Prairie du Chien, pronounced “prairie doo sheen”

The approach of the summer was particularly warm when Father Jacques Marquette (born in Laon, France) and Louis Jolliet (born in Québec City, Canada) arrived in the Wisconsin River’s estuary. There, they saw before them the majestic Mississippi River, the great waterway they had come to explore. Their bark canoes slipped safely into the stream of the mighty river “with a joy that I cannot express” wrote Marquette. It was in mid-June 1673 near Prairie du Chien, uninhabited at the time.

In 1685, Nicolas Perrot (from Darcy in Burgundy, France) erected a seasonal fur trade post that he named Fort St. Nicolas at the southern end of the nine-mile (14.5-kilometer) long prairie, then nameless, situated just above the confluence of the two rivers. The trade flourished attracting voyageurs, whom the Native American people called “Men of the North” (the Nordics).

Indications are the fort was renovated in 1754 by Paul Marin de La Malgue, a Montrealer who was the commandant of Fort de La Baye Verte, now the City of Green Bay, Wisconsin. The first settlers arrived during this period, among them, Jean-Marie Cardinal and his wife Élizabeth Pelletier, known as Antaya, and before them the Deschiens family, originally from Normandy, France. Prairie du Chien, Wisconsin’s second oldest community, was born from the dynamism of the fur trade industry and bartering relations with indigenous tribes in the Illinois Country.

A name still mysterious

The origins of the name Prairie du Chien, whose pronunciation in English is “prairie doo sheen”, remains a mystery. According to some anglophone historians, the prairie, after which the city was called, bears the name of an ancient tribal chief, named “Chien” (Dog) of the Native American Fox tribe, who used the prairie as a hunting ground.
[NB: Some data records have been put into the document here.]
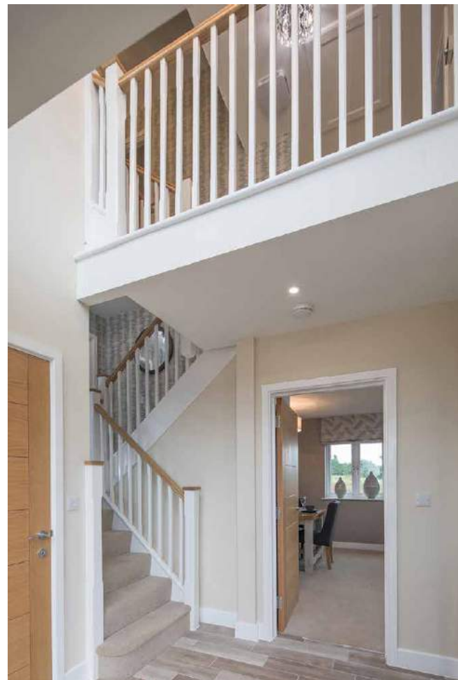
LEFT Morchard & Copplestone
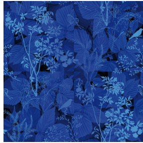
ODE Bleu 41 Print pattern
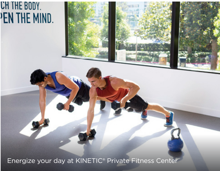
Energize your day at KINETIC® Private Fitness Center
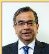
Prof. K. Srinath Reddy

The e-Resource Centre for Tobacco Control is a very valuable asset from which tobacco control researchers, advocates and policy makers can draw updated information and documentary resources to support and guide their work. It is the beating heart of the tobacco control movement in India.
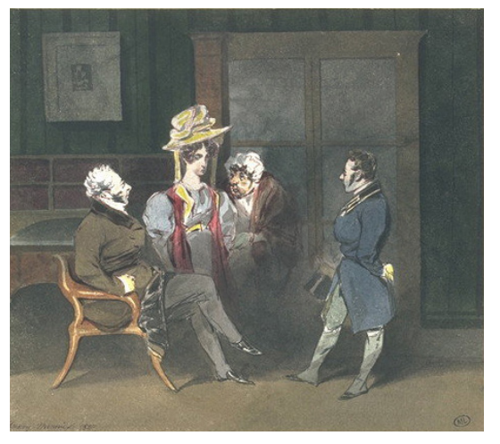
LES VISITEURS HENRY BONAVENTURE MONNIER
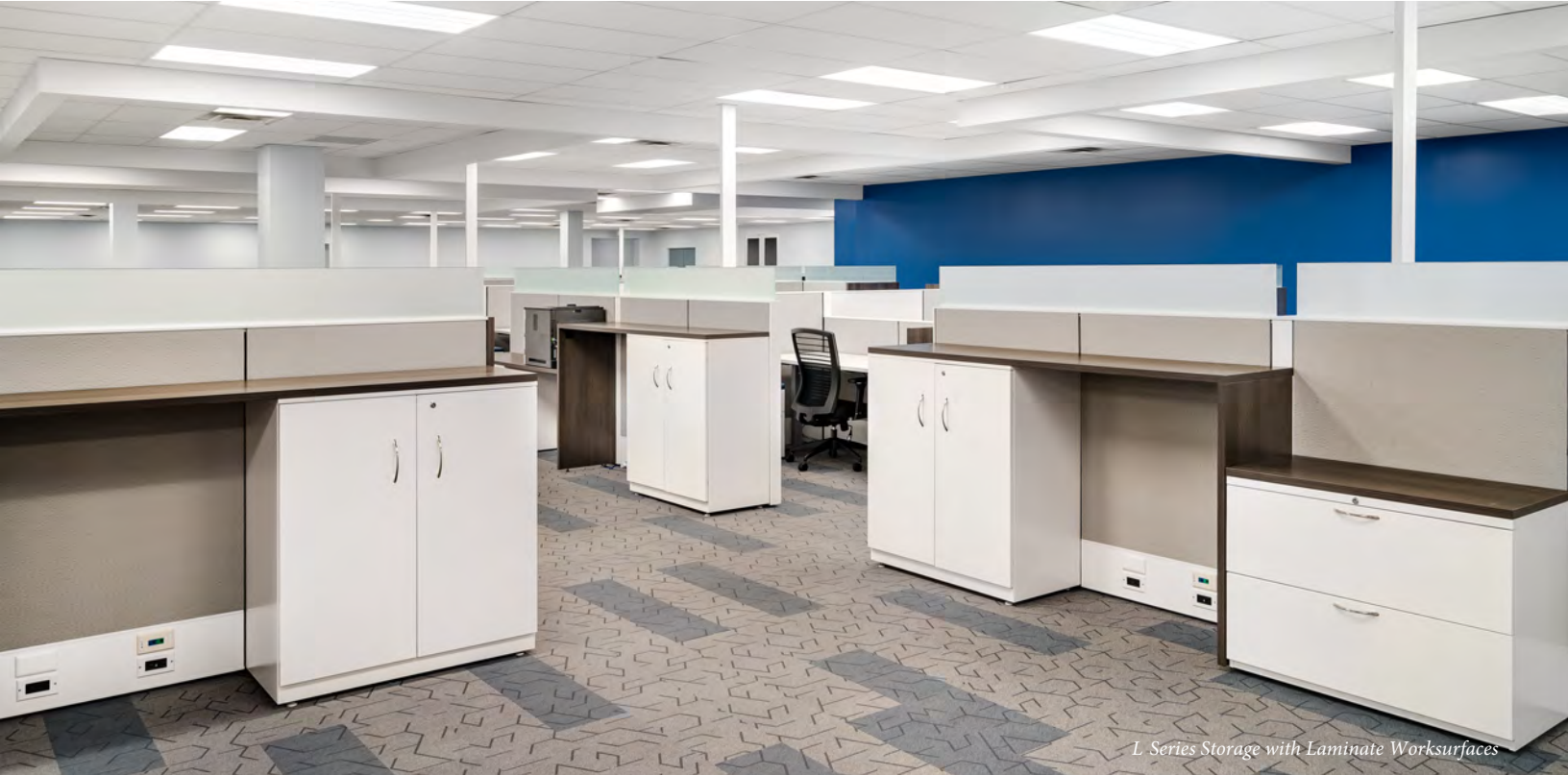
L Series Storage with Laminate Worksurfaces
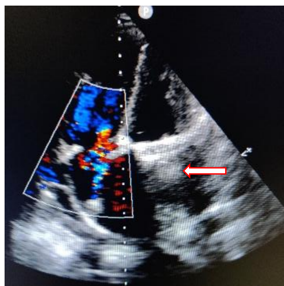
Figure 3: 2D Echo Heart
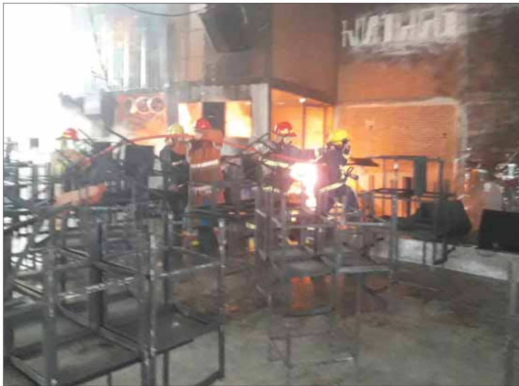
Two fires broke out in Phuket on May 28 and 29, both of which are believed to have occurred due to short circuits. The total damage from the two incidents is estimated at 400,000 baht. The first fire started at 'Mahanakorn', a popular local bar in Phuket Town, at midnight, while the second one occurred at a house in Soi Sapham in Koh Kaew. Nobody was injured in either incident.

Authority (PEA) on May 25 to discuss possible solutions to the messy overhead cables in Patong. After receiving a horde of complaints about the unsightly cables on Sawatdirak Road, PEA officials insisted, as is standard, that electricity cables are not to blame.

But there is another equally valid version. According to Michel Brisebois, the official owner of lot 12 (in blue), the prairie was known among the region’s first settlers as DesChiens’ prairie. The place simply took the name of an old family who settled in the prairie after the end of the last hostilities with the Foxes around 1740. Prairie des Chiens or “prairie dee sheen” has retained its original appellation until the 1820s, as evidenced by the 1820 settlement division plan, in English, of the mostly francophone colony (above).

What is even more interesting and fascinating is the fact that the colony has retained its French name through the British regime and the American sovereignty periods. An amazing anecdote from early American history worth remembering.